Strengths: Handles any JavaScript, works with all major browsers, supports user interaction simulation, and has a massive community (i.e., extensive documentation, community support, and integration with CI/CD tools).

Limitations: Complex setup and high maintenance (browser binaries and drivers must be installed and maintained), high script fragility due to dependence on DOM structures (handles UI changes poorly), resource-intensive (memory/CPU), and relatively slow. 

When to use: When browser fidelity is key, for complex SPAs, target sites with login or multi-step navigation, and screenshot capture. Otherwise, tools like Playwright for Java tend to be more reliable and efficient.

Code example: Launching headless Chrome, navigating to a product page, and extracting dynamically loaded prices with Decodo proxy integration.

If you’re using Maven, add Selenium to your pom.xml file.

<dependencies>
<dependency>
<groupId>org.seleniumhq.selenium</groupId>
<artifactId>selenium-java</artifactId>
<version>4.20.0</version>
</dependency>
</dependencies>

Save the following code as SeleniumScraperWithProxy.java.

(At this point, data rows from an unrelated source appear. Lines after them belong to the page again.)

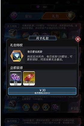 每天可以得到120个钻石,一个月加起来大概能够3600个紫色钻石,这个数量可以了,加上直接领取的300星钻和3张补给证明,确实是物有所值,值得各位平民小R第一时间入手。
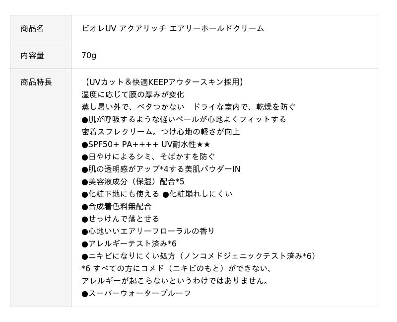 ■ビオレUV「アクアリッチシリーズ」の新作『ビオレUV アクアリッチ エアリーホールドクリーム』
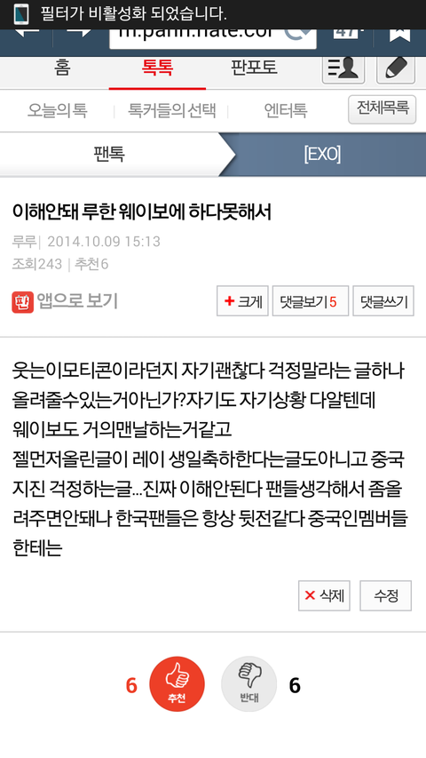 이거내가 ㅋㅋㅋ루한탈퇴하루직전에쓴글인데
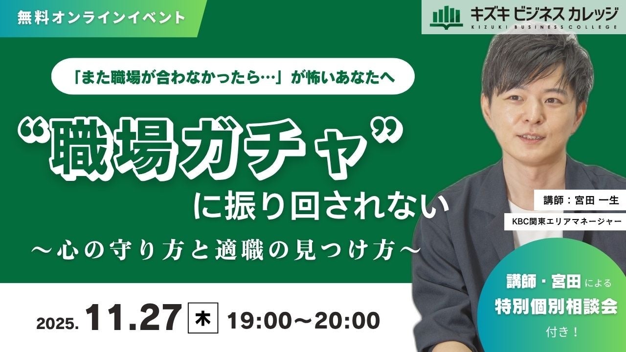 就労移行支援事業所・キズキビジネスカレッジ(KBC)は、2025年11月27日(木)に、「“職場ガチャ”に振り回されない、心の守り方と適職の見つけ方」をテーマとした無料オンライン講演を開催します。
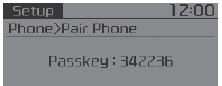 Geben Sie den Passcode "0000" ein, um Ihr Bluetooth Wireless Technology-Gerät mit dem Audiosystem des Fahrzeugs zu koppeln.

import org.openqa.selenium.By;
import org.openqa.selenium.WebDriver;
import org.openqa.selenium.WebElement;
import org.openqa.selenium.Proxy;
import org.openqa.selenium.chrome.ChromeDriver;
import org.openqa.selenium.chrome.ChromeOptions;
import java.time.Duration;
import java.util.List;
public class SeleniumScraperWithProxy {
public static void main(String[] args) {
// Decodo proxy details, replace with your own credentials
String proxyHost = "gate.decodo.com";
int proxyPort = 7000;
String proxyUser = "YOUR_PROXY_USERNAME";
String proxyPass = "YOUR_PROXY_PASSWORD";
// Create proxy configuration
Proxy proxy = new Proxy();
proxy.setHttpProxy(proxyHost + ":" + proxyPort);
proxy.setSslProxy(proxyHost + ":" + proxyPort);
// Configure Chrome
ChromeOptions options = new ChromeOptions();
options.setProxy(proxy);
options.addArguments("--headless=new");
options.addArguments("--disable-gpu");
options.addArguments("--no-sandbox");
options.addArguments("--window-size=1920,1080");
WebDriver driver = new ChromeDriver(options);
try {
driver.manage().timeouts().implicitlyWait(Duration.ofSeconds(10));
// Navigate to the target page
driver.get("http://books.toscrape.com/");
// Extract product prices
List<WebElement> prices = driver.findElements(By.cssSelector(".price_color"));
for (WebElement price : prices) {
System.out.println(price.getText());
}
} finally {
driver.quit();
}
}
}

Compile and run:

mvn compile
mvn exec:java -Dexec.mainClass="SeleniumScraperWithProxy"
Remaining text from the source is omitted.